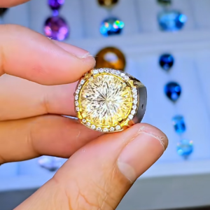 - Viên Đá Chủ: Viên đá trung tâm có màu tím-hồng độc đáo, với hiệu ứng ánh sáng lấp lánh và đường vân rõ rệt bên trong, có thể là Thạch Anh Tím (Amethyst) chất lượng cao hoặc một loại đá quý có hiệu ứng Chatoyancy (mắt mèo) hoặc Schiller (ánh sáng nội tại) đặc biệt. Màu sắc chuyển đổi tinh tế từ tím đậm sang hồng nhạt tạo nên sự lôi cuốn mạnh mẽ.
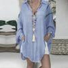Loose Fit Cotton Linen Blouse Women Long Sleeve Shirt Solid Color Thin Spring Summer Large Size
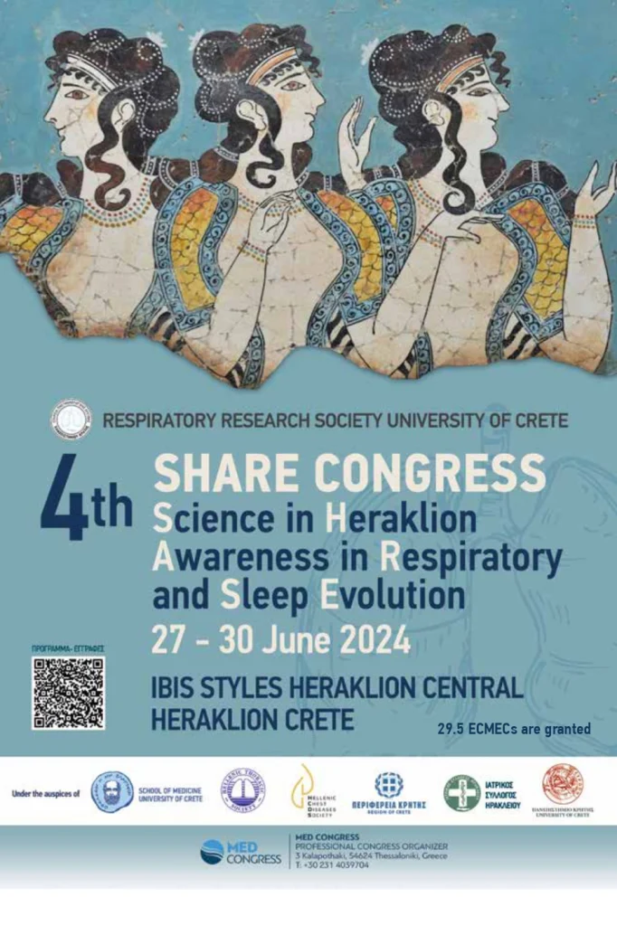 Ξεκινάει σήμερα το μεγάλο διεθνές συνέδριο με τίτλο 4th SHARE CONGRESS – Science in Heraklion Awareness in Respiratory and sleep Evolution που διοργανώνει η Εταιρεία Πνευμονολογικής Έρευνας Πανεπιστημίου Κρήτης και η Πανεπιστημιακή Πνευμονολογική κλινική.

·····

Only lines go in the copy, not pictures. Transcribe exactly from the start of the listing through the line containing "Loose Fit Cotton".

▸ FINISHED EXERCISE:
 - Viên Đá Chủ: Viên đá trung tâm có màu tím-hồng độc đáo, với hiệu ứng ánh sáng lấp lánh và đường vân rõ rệt bên trong, có thể là Thạch Anh Tím (Amethyst) chất lượng cao hoặc một loại đá quý có hiệu ứng Chatoyancy (mắt mèo) hoặc Schiller (ánh sáng nội tại) đặc biệt. Màu sắc chuyển đổi tinh tế từ tím đậm sang hồng nhạt tạo nên sự lôi cuốn mạnh mẽ.
Loose Fit Cotton Linen Blouse Women Long Sleeve Shirt Solid Color Thin Spring Summer Large Size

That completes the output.